WHAT TO PRODUCE »
Leaving the pictures aside, transcribe the data below exactly.

PROVIDED ENTRIES »
· · · ·

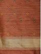 The soft hue of tropical peach appears exquisite due to the soft sheen of the linen, which is decorated with vibrant Mughal motifs spread all over the field of the saree.
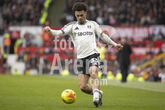 2877665 MANCHESTER, INGLATERRA - 1 DE FEVEREIRO: Antonee Robinson, do Fulham, passa a bola durante uma partida da Premier League de 2026 entre Manchester United e Fulham, no Old Trafford, em 1º de fevereiro de 2026, em Manchester, Inglaterra. (Richard Callis/Fotoarena)
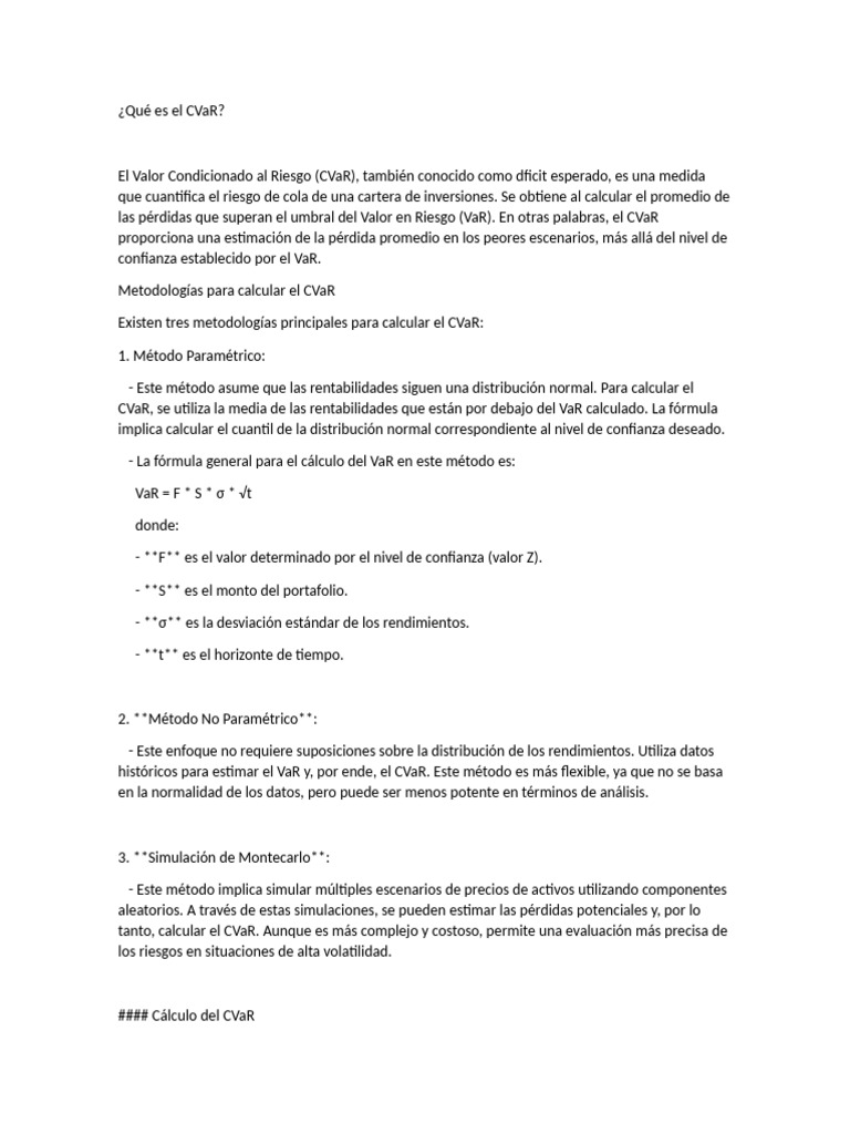 tanto, calcular el CVaR. Aunque es más complejo y costoso, permite una evaluación más precisa de
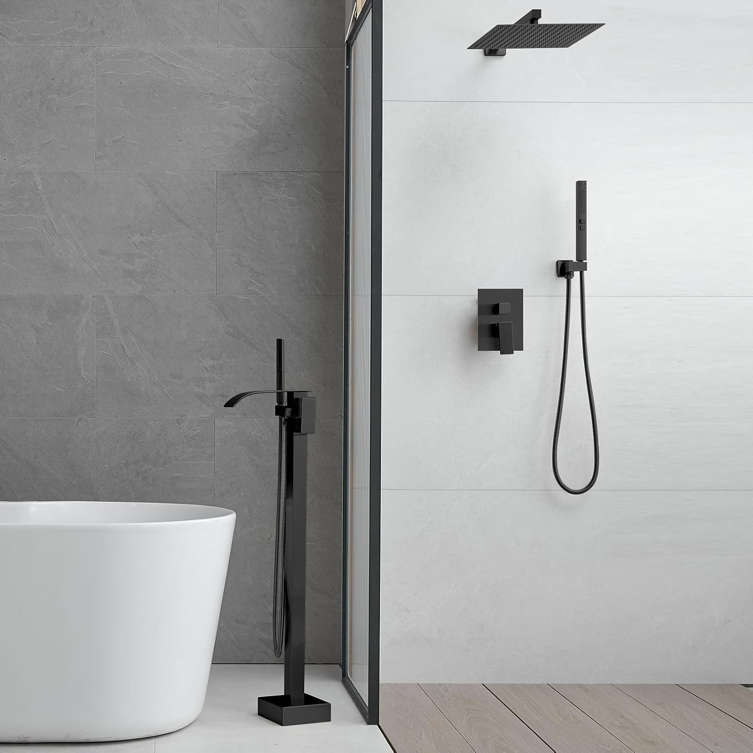 Matte Black Freestanding Tub Filler Faucet with Handheld Sprayer and Waterfall F
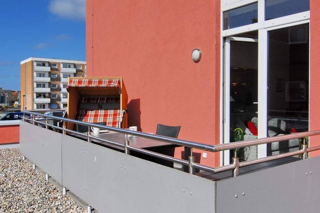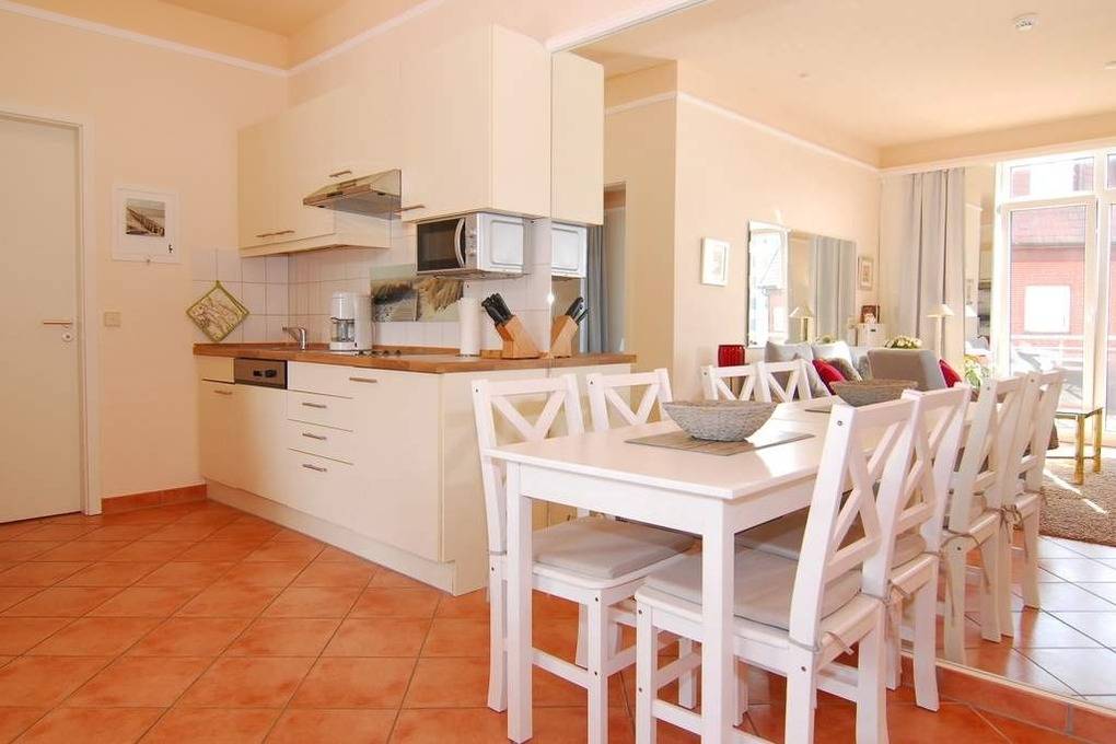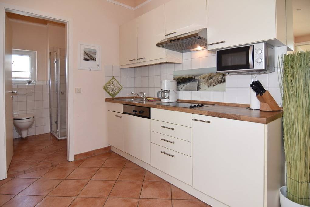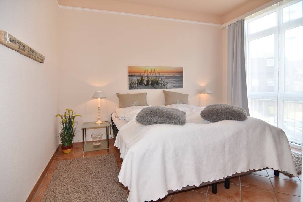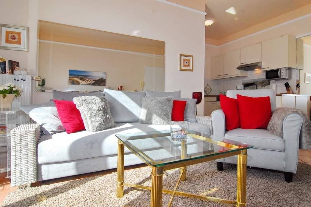 Liebevoll eingerichtete 2-Zimmer-Ferienwohnung im roten Haus der Residenz Mauritius. Auf ca. 39m² im 1. OG. bietet Ihnen diese Wohnung einen Wohnraum mit gemütlicher Sitz- und Essecke sowie eine Küchenzeile mit Mikrowelle und Geschirrspüler. Das Sofa lässt sich mühelos zu einer Schlafmöglichkeit für 2 Personen umwandeln. Vom Wohnzimmer aus gelangen Sie auf den großen Westbalkon mit Strandkorb, Tisch und Stühlen - hier genießen Sie die Sonne bis in die Abendstunden. Das Duschbad/WC und das separate Schlafzimmer mit eigenem TV runden das Angebot ab. Das Apartment ist komplett gefliest. Internetanschluß (ohne Gewähr) ist vorhanden. Eine Waschküche und ein Fahrradkeller befinden sich im Nebenhaus "Mauritius". Tierhaltung ist gestattet und muss bitte angemeldet werden. Pkw-Stellplatz kann kostenpflichtig hinzugebucht werden. Bettwäsche und Handtücher sind zur Anreise aufgezogen!

· · · ·

RESPONSE AREA »
 The soft hue of tropical peach appears exquisite due to the soft sheen of the linen, which is decorated with vibrant Mughal motifs spread all over the field of the saree.
 2877665 MANCHESTER, INGLATERRA - 1 DE FEVEREIRO: Antonee Robinson, do Fulham, passa a bola durante uma partida da Premier League de 2026 entre Manchester United e Fulham, no Old Trafford, em 1º de fevereiro de 2026, em Manchester, Inglaterra. (Richard Callis/Fotoarena)
 tanto, calcular el CVaR. Aunque es más complejo y costoso, permite una evaluación más precisa de
 Matte Black Freestanding Tub Filler Faucet with Handheld Sprayer and Waterfall F
 Liebevoll eingerichtete 2-Zimmer-Ferienwohnung im roten Haus der Residenz Mauritius. Auf ca. 39m² im 1. OG. bietet Ihnen diese Wohnung einen Wohnraum mit gemütlicher Sitz- und Essecke sowie eine Küchenzeile mit Mikrowelle und Geschirrspüler. Das Sofa lässt sich mühelos zu einer Schlafmöglichkeit für 2 Personen umwandeln. Vom Wohnzimmer aus gelangen Sie auf den großen Westbalkon mit Strandkorb, Tisch und Stühlen - hier genießen Sie die Sonne bis in die Abendstunden. Das Duschbad/WC und das separate Schlafzimmer mit eigenem TV runden das Angebot ab. Das Apartment ist komplett gefliest. Internetanschluß (ohne Gewähr) ist vorhanden. Eine Waschküche und ein Fahrradkeller befinden sich im Nebenhaus "Mauritius". Tierhaltung ist gestattet und muss bitte angemeldet werden. Pkw-Stellplatz kann kostenpflichtig hinzugebucht werden. Bettwäsche und Handtücher sind zur Anreise aufgezogen!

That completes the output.